A CRM statement disputed Collins' version of events: "A producer told Dr. Collins in person before the interview began that he was being interviewed for a program that would address the adverse social consequences of Darwin, the August 24 statement read. "In addition, he was asked specifically, during the interview, about the Darwin-Hitler connection and responded on tape that he did not agree with that view. Dr. Collins also signed a Talent Release, which gives Coral Ridge Ministries the right to use his interview ‘without limitation in all perpetuity.'"

In an article in the Baptist Press dated the August 24, Jerry Newcombe, a co-producer of the program, said that CRM "interviewed a number of scientists for the science section [of the program]." He pointed out that "We didn't interview Dr. Collins ... about Hitler.
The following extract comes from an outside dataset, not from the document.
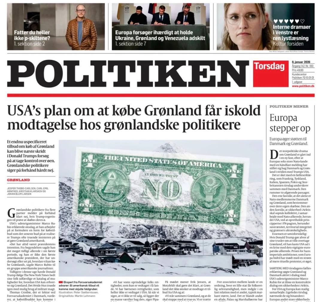 Продолжаю с искренним интересом следить за датской прессой, которая в последнее время одержима темой Гренландии (и куда только Украина делась?). Но судя по сегодняшней первой полосе Politiken, стадию отрицания и гнева тамошние газеты уже прошли, перейдя к стадии торгов.
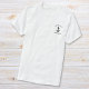 Nautical-themed boat captain's white t-shirt with an illustration of an anchor and their name and boat's name in modern lettering.

In hindsight, we would not have put Dr. Collins in the program. But he understood it was Coral Ridge Ministries. He understood we were doing a special about Darwinism.... We're sorry we had this misunderstanding and we wish him well."

According to the Washington Post, CRM agreed to pull the Collins segment from "any future airings of the documentary and would stop using his name to promote it."

"We consider him a fellow Christian and have reached a friendly understanding with him about this matter," Kennedy's organization said.

A few days before the film aired, Abraham H. Foxman, the National Director of the Anti-Defamation League (ADL), issued a statement calling the film "an outrageous and shoddy attempt by D. James Kennedy to trivialize the horrors of the Holocaust. Hitler did not need Darwin to devise his heinous plan to exterminate the Jewish people. Trivializing the Holocaust comes from either ignorance at best or, at worst, a mendacious attempt to score political points in the culture war on the backs of six million Jewish victims and others who died at the hands of the Nazis.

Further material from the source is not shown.